» THE PROBLEM
Reproduce exactly, and only, the lines of the material below running from the line bearing "Momentum91 helps build" through the line bearing "Box of approx.". Leave any pictures out.

» PROVIDED DATA
★ ★ ★ ★ ★ ★ ★

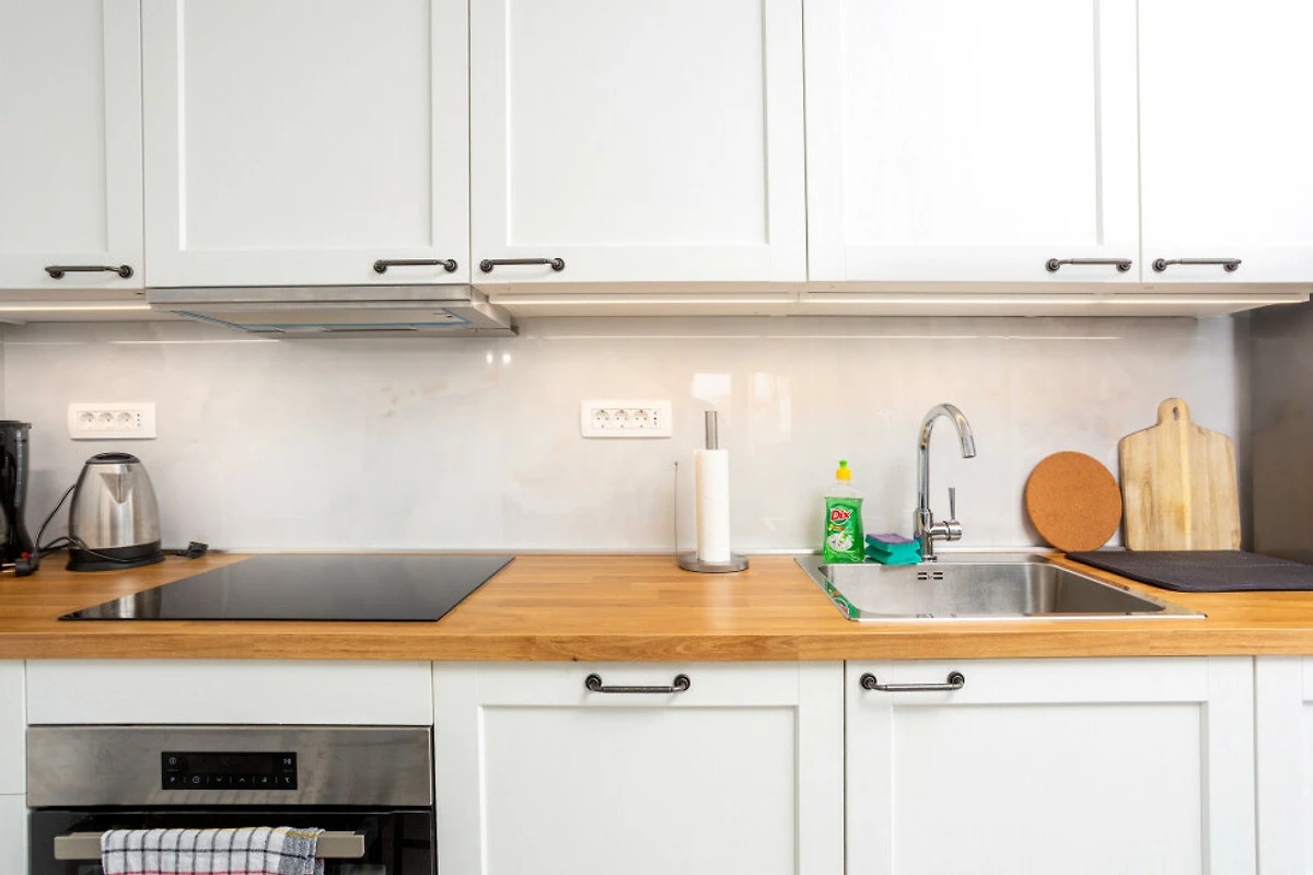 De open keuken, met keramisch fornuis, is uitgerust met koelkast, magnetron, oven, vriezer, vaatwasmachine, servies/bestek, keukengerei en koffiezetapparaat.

★ ★ ★ ★ ★ ★ ★

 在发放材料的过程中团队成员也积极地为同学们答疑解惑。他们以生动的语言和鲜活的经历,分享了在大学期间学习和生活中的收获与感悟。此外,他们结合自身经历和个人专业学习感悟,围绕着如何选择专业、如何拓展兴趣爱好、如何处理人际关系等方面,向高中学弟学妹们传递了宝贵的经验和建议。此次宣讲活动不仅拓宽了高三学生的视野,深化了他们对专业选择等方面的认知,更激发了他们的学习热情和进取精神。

★ ★ ★ ★ ★ ★ ★

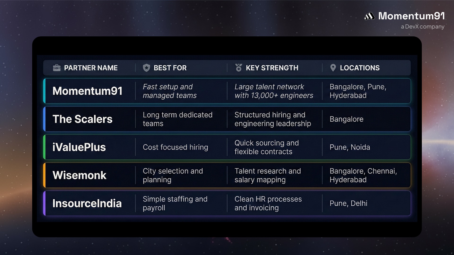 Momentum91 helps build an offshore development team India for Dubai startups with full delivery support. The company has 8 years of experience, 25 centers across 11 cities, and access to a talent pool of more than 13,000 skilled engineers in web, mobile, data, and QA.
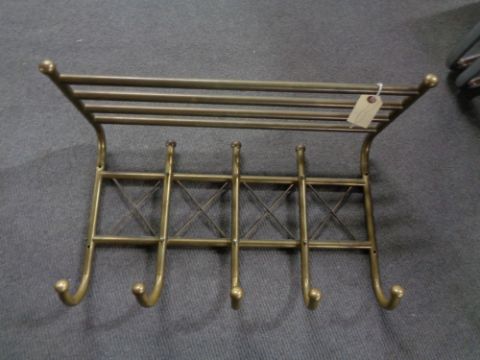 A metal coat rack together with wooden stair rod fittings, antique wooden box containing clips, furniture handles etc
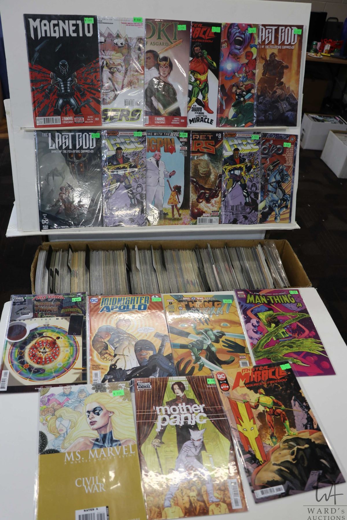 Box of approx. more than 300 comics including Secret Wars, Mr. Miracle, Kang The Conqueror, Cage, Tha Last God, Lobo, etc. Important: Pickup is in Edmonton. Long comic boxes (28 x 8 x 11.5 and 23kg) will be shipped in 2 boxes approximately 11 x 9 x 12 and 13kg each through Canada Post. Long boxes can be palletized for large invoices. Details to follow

★ ★ ★ ★ ★ ★ ★

» REPLY TO THE TASK
 Momentum91 helps build an offshore development team India for Dubai startups with full delivery support. The company has 8 years of experience, 25 centers across 11 cities, and access to a talent pool of more than 13,000 skilled engineers in web, mobile, data, and QA.
 A metal coat rack together with wooden stair rod fittings, antique wooden box containing clips, furniture handles etc
 Box of approx. more than 300 comics including Secret Wars, Mr. Miracle, Kang The Conqueror, Cage, Tha Last God, Lobo, etc. Important: Pickup is in Edmonton. Long comic boxes (28 x 8 x 11.5 and 23kg) will be shipped in 2 boxes approximately 11 x 9 x 12 and 13kg each through Canada Post. Long boxes can be palletized for large invoices. Details to follow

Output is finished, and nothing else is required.